* **Exercise instructions**:
Wherever a picture sits, omit it. Output the rest of the listing exactly.

* **Given material**:
───
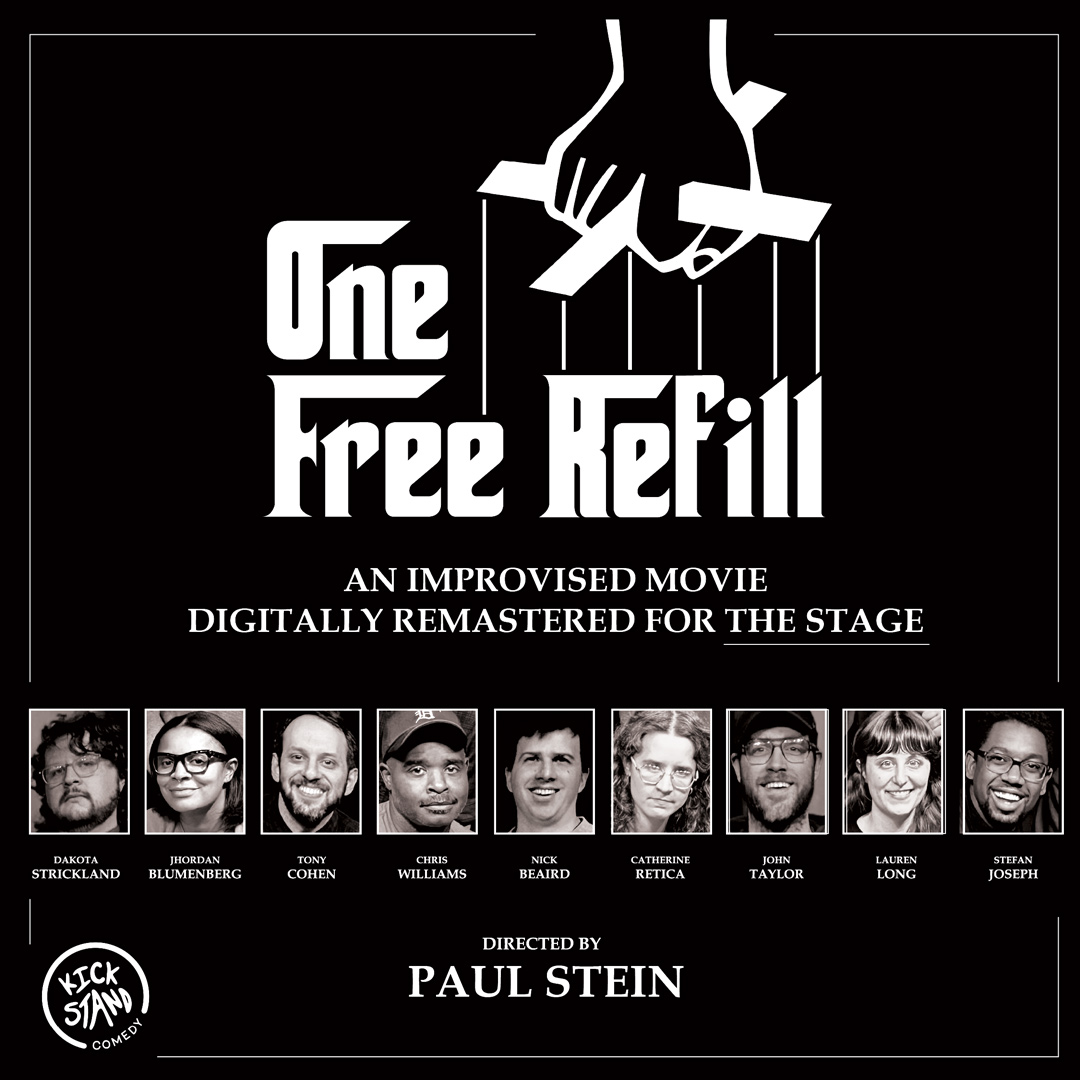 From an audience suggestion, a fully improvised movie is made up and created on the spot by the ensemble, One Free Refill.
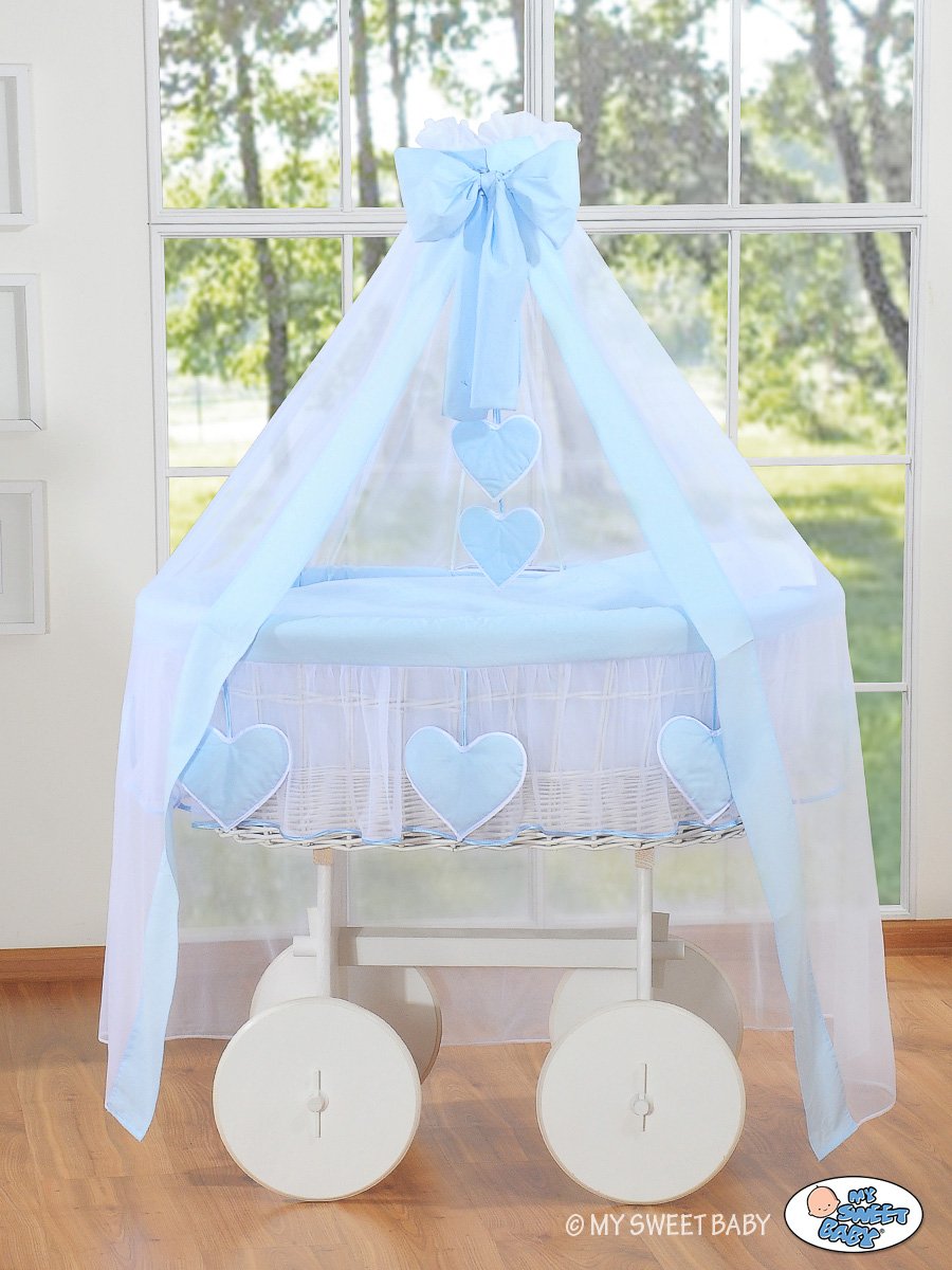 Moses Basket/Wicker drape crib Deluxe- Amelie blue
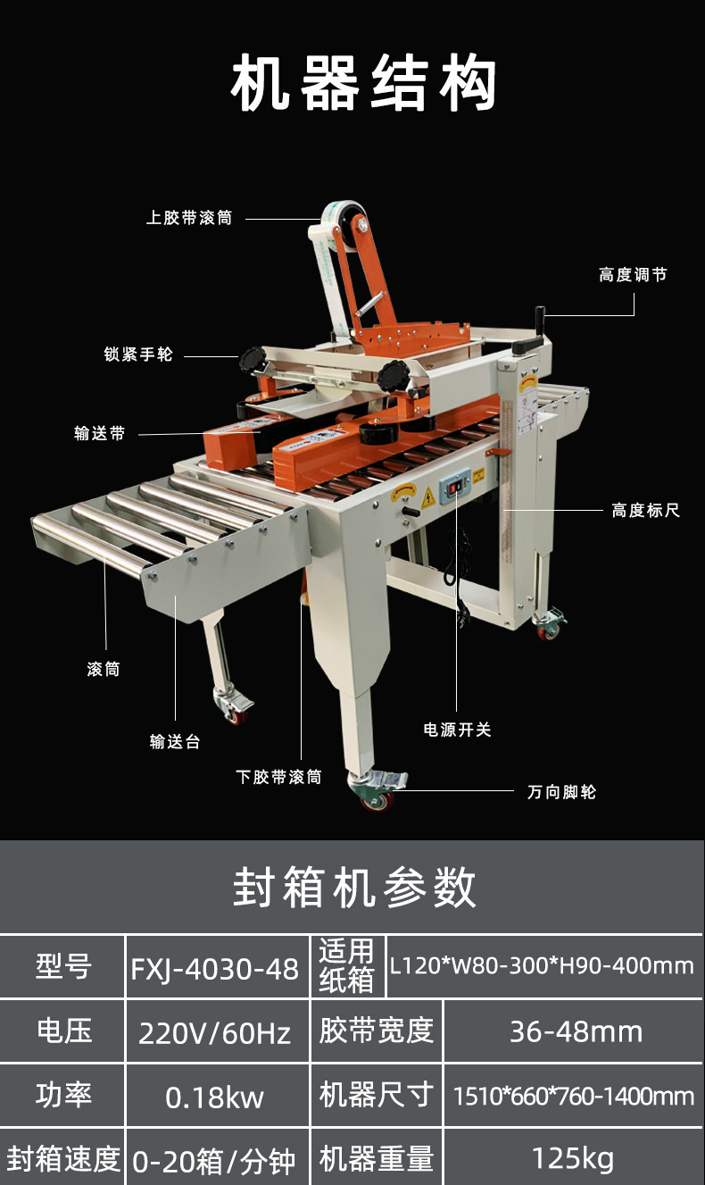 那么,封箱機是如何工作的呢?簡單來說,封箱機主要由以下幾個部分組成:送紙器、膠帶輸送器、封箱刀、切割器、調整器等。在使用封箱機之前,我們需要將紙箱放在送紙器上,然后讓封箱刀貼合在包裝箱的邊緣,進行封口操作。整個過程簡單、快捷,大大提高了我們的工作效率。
───
* **Written solution**:
 From an audience suggestion, a fully improvised movie is made up and created on the spot by the ensemble, One Free Refill.
 Moses Basket/Wicker drape crib Deluxe- Amelie blue
 那么,封箱機是如何工作的呢?簡單來說,封箱機主要由以下幾個部分組成:送紙器、膠帶輸送器、封箱刀、切割器、調整器等。在使用封箱機之前,我們需要將紙箱放在送紙器上,然后讓封箱刀貼合在包裝箱的邊緣,進行封口操作。整個過程簡單、快捷,大大提高了我們的工作效率。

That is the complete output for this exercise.